Start of INPUT DATA

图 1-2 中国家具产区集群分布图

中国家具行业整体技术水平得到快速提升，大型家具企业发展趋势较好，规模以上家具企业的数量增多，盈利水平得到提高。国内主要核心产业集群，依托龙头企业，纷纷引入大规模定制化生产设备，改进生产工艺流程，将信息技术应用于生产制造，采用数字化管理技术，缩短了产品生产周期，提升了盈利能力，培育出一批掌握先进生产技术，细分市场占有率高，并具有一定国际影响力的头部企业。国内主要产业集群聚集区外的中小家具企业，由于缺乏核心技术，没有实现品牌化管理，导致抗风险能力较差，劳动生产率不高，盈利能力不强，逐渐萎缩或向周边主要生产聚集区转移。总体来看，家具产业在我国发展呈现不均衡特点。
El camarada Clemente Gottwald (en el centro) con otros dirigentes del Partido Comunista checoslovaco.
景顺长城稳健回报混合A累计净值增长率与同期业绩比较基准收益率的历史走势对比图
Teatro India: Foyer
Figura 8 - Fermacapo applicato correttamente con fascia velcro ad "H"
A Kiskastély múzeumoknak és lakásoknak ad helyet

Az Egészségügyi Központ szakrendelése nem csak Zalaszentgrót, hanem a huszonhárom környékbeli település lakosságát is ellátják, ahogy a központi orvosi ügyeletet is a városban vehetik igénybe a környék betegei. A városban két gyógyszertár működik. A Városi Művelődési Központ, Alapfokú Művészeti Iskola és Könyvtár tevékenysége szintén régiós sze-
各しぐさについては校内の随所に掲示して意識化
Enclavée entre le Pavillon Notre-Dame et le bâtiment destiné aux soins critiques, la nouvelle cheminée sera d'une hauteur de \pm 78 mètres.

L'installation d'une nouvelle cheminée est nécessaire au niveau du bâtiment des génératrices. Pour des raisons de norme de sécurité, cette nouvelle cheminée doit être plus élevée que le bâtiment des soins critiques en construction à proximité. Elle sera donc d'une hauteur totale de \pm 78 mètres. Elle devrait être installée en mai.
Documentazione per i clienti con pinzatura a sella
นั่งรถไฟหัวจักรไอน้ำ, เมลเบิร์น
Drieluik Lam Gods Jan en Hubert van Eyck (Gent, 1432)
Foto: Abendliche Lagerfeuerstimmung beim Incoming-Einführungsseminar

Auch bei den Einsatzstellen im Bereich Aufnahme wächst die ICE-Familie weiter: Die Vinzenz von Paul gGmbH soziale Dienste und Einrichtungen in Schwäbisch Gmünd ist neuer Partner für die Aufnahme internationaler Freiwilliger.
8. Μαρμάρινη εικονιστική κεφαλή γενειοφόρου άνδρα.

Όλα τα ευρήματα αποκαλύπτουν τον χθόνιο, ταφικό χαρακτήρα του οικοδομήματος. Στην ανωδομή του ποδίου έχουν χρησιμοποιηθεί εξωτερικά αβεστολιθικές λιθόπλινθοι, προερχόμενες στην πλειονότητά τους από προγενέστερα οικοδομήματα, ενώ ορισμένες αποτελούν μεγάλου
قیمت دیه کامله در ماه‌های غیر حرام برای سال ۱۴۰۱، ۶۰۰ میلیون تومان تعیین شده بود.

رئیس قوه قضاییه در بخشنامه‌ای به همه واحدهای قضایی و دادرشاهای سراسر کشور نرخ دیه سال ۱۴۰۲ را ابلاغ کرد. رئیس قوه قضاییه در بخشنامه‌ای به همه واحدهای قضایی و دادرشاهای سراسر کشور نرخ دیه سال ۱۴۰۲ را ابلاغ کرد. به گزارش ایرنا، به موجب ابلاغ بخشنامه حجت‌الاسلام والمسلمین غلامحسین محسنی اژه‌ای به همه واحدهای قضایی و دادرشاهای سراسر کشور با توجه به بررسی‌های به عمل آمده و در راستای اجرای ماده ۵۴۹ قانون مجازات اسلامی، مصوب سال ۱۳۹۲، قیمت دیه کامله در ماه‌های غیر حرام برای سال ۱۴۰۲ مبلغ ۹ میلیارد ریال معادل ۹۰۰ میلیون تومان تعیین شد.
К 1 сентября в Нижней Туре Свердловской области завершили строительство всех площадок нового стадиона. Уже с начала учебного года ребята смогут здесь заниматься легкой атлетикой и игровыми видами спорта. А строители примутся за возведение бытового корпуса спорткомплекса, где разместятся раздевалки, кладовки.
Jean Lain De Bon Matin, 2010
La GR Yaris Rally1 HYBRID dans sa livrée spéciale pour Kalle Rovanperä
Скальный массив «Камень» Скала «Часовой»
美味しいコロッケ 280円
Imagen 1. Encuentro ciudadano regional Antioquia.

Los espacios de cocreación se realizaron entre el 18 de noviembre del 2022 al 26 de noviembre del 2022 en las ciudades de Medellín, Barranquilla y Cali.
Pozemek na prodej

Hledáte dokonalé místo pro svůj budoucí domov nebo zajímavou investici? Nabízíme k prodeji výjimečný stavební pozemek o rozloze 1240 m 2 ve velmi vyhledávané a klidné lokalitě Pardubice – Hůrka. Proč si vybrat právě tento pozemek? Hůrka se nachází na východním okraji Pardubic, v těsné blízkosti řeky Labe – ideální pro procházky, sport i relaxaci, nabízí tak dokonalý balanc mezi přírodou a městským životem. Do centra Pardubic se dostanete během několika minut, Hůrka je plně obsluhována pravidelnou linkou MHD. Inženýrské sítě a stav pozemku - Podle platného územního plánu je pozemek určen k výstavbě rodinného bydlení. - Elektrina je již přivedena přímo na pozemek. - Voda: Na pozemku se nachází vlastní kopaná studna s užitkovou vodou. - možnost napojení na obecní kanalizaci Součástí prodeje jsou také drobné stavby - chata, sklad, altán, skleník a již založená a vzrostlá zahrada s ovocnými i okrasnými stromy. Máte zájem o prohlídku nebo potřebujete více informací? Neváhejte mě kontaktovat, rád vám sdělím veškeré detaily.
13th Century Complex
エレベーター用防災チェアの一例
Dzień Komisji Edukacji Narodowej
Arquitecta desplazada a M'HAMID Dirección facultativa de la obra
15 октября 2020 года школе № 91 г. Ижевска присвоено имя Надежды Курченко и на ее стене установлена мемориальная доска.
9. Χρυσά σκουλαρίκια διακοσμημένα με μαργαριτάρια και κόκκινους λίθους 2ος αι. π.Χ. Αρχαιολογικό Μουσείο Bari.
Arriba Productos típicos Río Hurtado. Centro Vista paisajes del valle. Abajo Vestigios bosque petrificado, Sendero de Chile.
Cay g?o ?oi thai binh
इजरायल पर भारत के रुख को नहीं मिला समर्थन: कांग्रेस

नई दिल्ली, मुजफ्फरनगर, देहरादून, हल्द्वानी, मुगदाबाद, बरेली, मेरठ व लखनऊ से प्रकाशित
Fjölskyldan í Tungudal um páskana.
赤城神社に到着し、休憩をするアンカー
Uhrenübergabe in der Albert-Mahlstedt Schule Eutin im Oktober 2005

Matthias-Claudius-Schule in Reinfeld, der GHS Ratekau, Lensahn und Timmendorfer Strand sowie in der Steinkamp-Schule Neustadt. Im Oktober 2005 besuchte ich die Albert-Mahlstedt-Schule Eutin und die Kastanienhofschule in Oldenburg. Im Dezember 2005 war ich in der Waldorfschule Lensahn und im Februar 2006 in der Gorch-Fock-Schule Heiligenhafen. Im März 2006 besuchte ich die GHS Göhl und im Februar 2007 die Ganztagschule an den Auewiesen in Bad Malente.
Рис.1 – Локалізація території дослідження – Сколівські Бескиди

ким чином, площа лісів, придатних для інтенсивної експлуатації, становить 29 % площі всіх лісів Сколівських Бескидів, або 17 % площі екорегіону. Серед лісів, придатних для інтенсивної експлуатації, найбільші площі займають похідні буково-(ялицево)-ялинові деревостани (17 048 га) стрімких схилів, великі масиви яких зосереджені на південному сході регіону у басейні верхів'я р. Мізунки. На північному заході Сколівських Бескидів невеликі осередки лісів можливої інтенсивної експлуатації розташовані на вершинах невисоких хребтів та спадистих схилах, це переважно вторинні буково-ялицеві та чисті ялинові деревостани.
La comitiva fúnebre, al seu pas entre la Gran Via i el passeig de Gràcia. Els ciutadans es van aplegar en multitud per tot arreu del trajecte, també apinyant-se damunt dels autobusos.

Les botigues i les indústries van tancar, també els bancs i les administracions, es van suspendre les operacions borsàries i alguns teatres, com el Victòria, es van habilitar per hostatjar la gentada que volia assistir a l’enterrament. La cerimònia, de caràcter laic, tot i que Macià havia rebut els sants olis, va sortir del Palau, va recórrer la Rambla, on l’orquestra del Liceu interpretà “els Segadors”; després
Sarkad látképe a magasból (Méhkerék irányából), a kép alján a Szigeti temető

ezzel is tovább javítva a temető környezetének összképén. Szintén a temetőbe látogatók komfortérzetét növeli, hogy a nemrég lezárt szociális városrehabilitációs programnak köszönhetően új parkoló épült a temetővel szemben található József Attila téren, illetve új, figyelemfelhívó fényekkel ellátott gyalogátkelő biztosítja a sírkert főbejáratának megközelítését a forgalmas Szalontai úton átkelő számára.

End of INPUT DATA

TO DO:
Return, word for word, the lines of the data above from the line with "Los espacios de" through the line with "Pozemek na prodej", inclusive.

EXERCISE ANSWER:
Los espacios de cocreación se realizaron entre el 18 de noviembre del 2022 al 26 de noviembre del 2022 en las ciudades de Medellín, Barranquilla y Cali.
Pozemek na prodej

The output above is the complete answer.